---
name: parallel-data-enrichment
description: "Bulk data enrichment. Adds web-sourced fields (CEO names, funding, contact info) to lists of companies, people, or products. Use for enriching CSV files or inline data. Supports multi-turn: pass --previous-interaction-id from a prior research task to carry context forward."
user-invocable: true
argument-hint: <file or entities> with <fields to add>
compatibility: Requires parallel-cli and internet access.
allowed-tools: Bash(parallel-cli:*)
metadata:
  author: parallel
---

# Data Enrichment

Enrich: $ARGUMENTS

## Before starting

Inform the user that enrichment may take several minutes depending on the number of rows and fields requested.

## Optional: Suggest output columns

If the user gave a vague intent ("enrich these companies with useful info") and you're not sure what columns to add, ask the API for a suggestion before kicking off the run:

```bash
parallel-cli enrich suggest "Find CEO and recent funding info" --json
```

The response is an envelope: `{title, processor, enriched_columns, warnings}`. Extract just the **`enriched_columns` array** (not the whole envelope) and pass it as the value of `--enriched-columns` on `enrich run`, **in place of `--intent`** — the two flags are alternative ways to specify what to enrich, not combined. If `suggest` returned a `processor`, pass it through explicitly via `--processor` on the `run` call (it's a tuned recommendation for the schema). Skip this whole section if the user already specified the fields they want.

> `enrich suggest` requires `parallel-cli` ≥ 0.3.0. If it errors with anything resembling `no such command` / `No such command` / `unknown command`, **do not bail** — skip the suggestion step, fall through to step 1 with `--intent`, complete the run, and mention `parallel-cli update` (or `pipx upgrade parallel-web-tools`) in the final response so the user picks up the feature next time.

## Step 1: Start the enrichment

Use ONE of these command patterns (substitute user's actual data):

For inline data:

```bash
parallel-cli enrich run --data '[{"company": "Google"}, {"company": "Microsoft"}]' --intent "CEO name and founding year" --target "output.csv" --no-wait --json
```

For CSV file:

```bash
parallel-cli enrich run --source-type csv --source "input.csv" --target "output.csv" --source-columns '[{"name": "company", "description": "Company name"}]' --intent "CEO name and founding year" --no-wait --json
```

If this is a **follow-up** to a previous research task and you have its `interaction_id`, add context chaining:

```bash
parallel-cli enrich run --data '...' --intent "..." --target "output.csv" --no-wait --json --previous-interaction-id "$INTERACTION_ID"
```

The enrichment will run with the full context of that prior research — so you can enrich entities discovered earlier without restating what was already found.

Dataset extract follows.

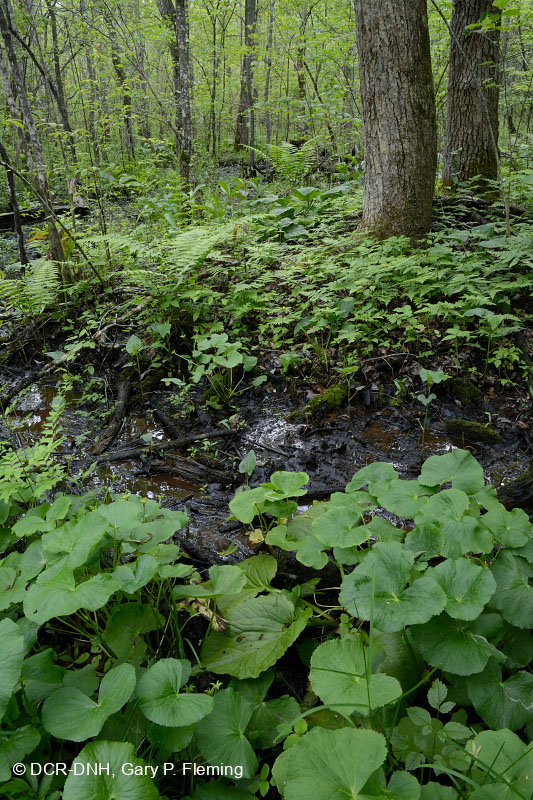 Cúc vạn thọ đầm lầy (Caltha palustris var. palustris, ở phía trước) là một loài cây mọc tách biệt trên núi khác bị giới hạn ở Đồng bằng ven biển do có nhiều đá vôi thấm vào. Khu bảo tồn thiên nhiên tiểu bang Hickory Hollow gần Tòa án Lancaster, Quận Lancaster. © DCR-DNH, Gary P. Fleming

Note: enrichment does **not** itself produce a new `interaction_id`, so you cannot chain a further follow-up off of an enrichment.

**IMPORTANT:** Always include `--no-wait` so the command returns immediately instead of blocking.

Parse the `--json` output to extract `taskgroup_id` and `url`. The output is `{taskgroup_id, url, num_runs}` — there is no `interaction_id` field, do not look for one. Immediately tell the user:

- Enrichment has been kicked off
- The monitoring URL where they can track progress

Tell them they can background the polling step to continue working while it runs.

## Step 2: Poll for results

Pick a concrete output path (e.g., `/tmp/enrichment-acme.json`). Note: the file is JSON regardless of the extension you choose — it's an array of `{input, output}` objects, not a CSV. Name it `.json` to avoid confusing yourself or the user.

```bash
parallel-cli enrich poll "$TASKGROUP_ID" --timeout 540 --output "/tmp/enrichment-<descriptive-name>.json"
```

Important:

- Use `--timeout 540` (9 minutes) to stay within tool execution limits
- The `--target` from step 1 is unused in `--no-wait` mode — only `--output` here determines where results are saved, and the file is always JSON

### If the poll times out

Enrichment of large datasets can take longer than 9 minutes. If the poll exits without completing:

1. Tell the user the enrichment is still running server-side
2. Re-run the same `parallel-cli enrich poll` command to continue waiting

## Response format

**After step 1:** Share the monitoring URL (for tracking progress).

**After step 2:**

1. Report number of rows enriched
2. Preview first few rows from the output file (it's a JSON array of `{input, output}` objects)
3. Tell the user the full path to the output file

Do NOT re-share the monitoring URL after completion — the results are in the output file.

## Setup

If `parallel-cli` is not found, install and authenticate:

```bash
/parallel:parallel-cli-setup
```

If any `parallel-cli enrich` command returns `403`, tell the user balance is likely required. Offer to run `parallel-cli balance get`, and if needed ask for explicit confirmation before running `parallel-cli balance add <amount_cents>`. Then retry the original enrichment command.